難得啊,能有這麼一回看他像個無助的娃娃兒似得來擁抱;少爺心裡是歡喜的,他不知等了多久,纔等到陶陽不做大人的時候呢。

盼着他依賴,盼着他不講道理,盼着他不守規矩,盼着他隨心肆意。

陶陽聽着話,眼眶一紅,閉了閉眼,只覺着嗓子幹疼的很,忍不住咳了兩聲兒。

少爺眉頭一皺,道:“這的氣候不好,我們回家。”

回家以後,再也不分開了。

陶陽點點頭,濃着嗓答應着:“好。”

“嗯。”少爺的笑意裡又帶了些稚嫩的奶音,眼睛彎彎的,高興極了;嘟囔着:“以後別再來這麼遠的地兒了…”

沒等陶陽回答,又聽他倔強稚氣地補了一句,道:“哪都不許去。”

就在家裡陪着我。

陶陽沒說話,在懷抱裡心安地閉上眼,壓下滿心愁緒,沉沉睡去。

天明如何是天明的事,日出一定會來,但滿懷溫暖卻不一定還在,總該珍惜些,來之不易,更勝性命。

少爺倒是高興得整宿整宿地睡不下,嘴角揚着笑意,滿心滿懷地計算着回京的事。回京以後,就能日日見到他了,兩人會一生一世在一起,成他們倆人的家,立各自的業,一塊敬孝師長。

成家立業,敬孝師長,原來是這樣令人滿心期待,思之歡喜的事。

這世間所有的一切都是浮雲,都各有評說,好壞與否自有論斷。有時覺得殘酷,有時覺得冷漠,有時又覺得美好,說到底唯心而已。

父母在堂,兄弟扶持,摯愛在懷,這世間再多殘酷都無謂。

少爺一直等着這一天,等着可以帶着他的阿陶回家,像小時候一樣兒年年給他買菸花逗他開心,日日給他買桃花酥做零嘴,冬夜裡裹在一個被窩睡着;就是這樣簡單,少年所願。

一切準備妥當也不過兩三天的事,少爺就歡歡喜喜地領着陶陽上了回盛京的車駕。他已經迫不及待地想回去了,想回去和爹孃說,和老舅說,和孟哥說,和燒餅說,和所有人說,他把阿陶帶回來了。

這條路從未變過:從前來嘉陵關,他總覺着怎麼這麼遠。

如今上路回家,他仍舊覺着怎麼這麼遠。

陶陽一路沉默不語,少爺也只當他是累了,護着他,不讓他覺着半點不舒心。

等到了盛京時,已經是五月了。

有句話說,不吃糉子不脫襖。意思是端午節來之前,這天兒啊都是虛熱的;可別因爲入了夏,就着急換了夏衣,五月之前都是餘春,天氣反反覆覆地,看着熱,保不齊就霎時冷風涼雨地落下了。
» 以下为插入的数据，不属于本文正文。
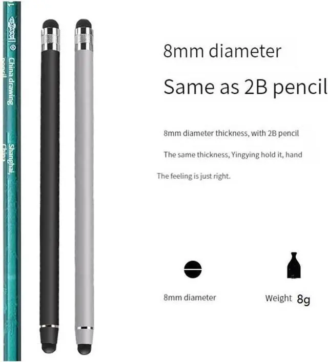 For All Touch ScreensThis stylus Pen is widely compatible with all touch screens including iPhone iPad smart phones touch screen laptops Galaxy android tablets for any capacitive touch screens device. Stylus pen High Precision The tip of this Stylus pen made of soft fiber for All touch screens with high precision and accuracy you can draw or take notes with pinpoint easily. You can get a more quiet and accurate writing and drawing experience. Excellent Design and MaterialsThis Stylus's body made of aluminum When we hold it in our hands it feels like a 2B pencil.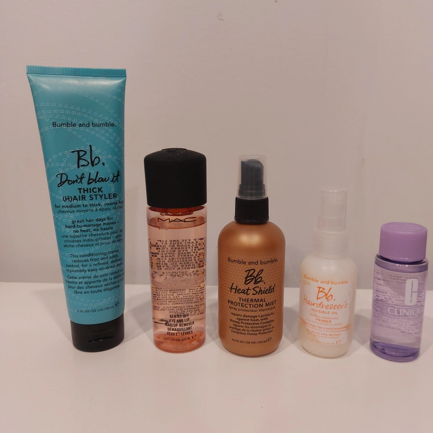Bundle includes three Bumble and bumble. hair styling products: Don't Blow It Thick Hair Styler, Heat Shield Thermal Protection Mist, and Hairdresser's Invisible Oil Primer. Also includes a MAC Cosmetics Gentle Eye and Lip Makeup Remover. Never used.

告訴人們時刻警醒着,備着點衣物,別被這捉摸不透的天兒給傷病了。

馬車在郭府門前停下時,少爺先跳下了車駕,隨即轉身向陶陽伸出了手。

陶陽臉色微白,不知是累了還是心裡頭憂着哪件事兒,坐在車裡看着少爺向他伸出的手,一動不動地。

少爺一愣,心下沉了沉又上了車,笑意盈盈道:“怎麼了這是?”雖然說笑着,但不知爲何,心裡頭總生出不安來。

陶陽搖了搖頭,垂眸默了默,再擡起頭時有時那一副溫暖笑意,道:“你先回去,我回家看看爹孃。”

是啊,他是陶家的少爺,這回來了哪能不回家呢?

少爺心裡一空,有些失落,道:“先吃了東西,晚上我送你回去就是。”從前也不是沒有這樣過,兩家人關係好,他打小都住在郭府聽課的,陶家爹孃不會介意。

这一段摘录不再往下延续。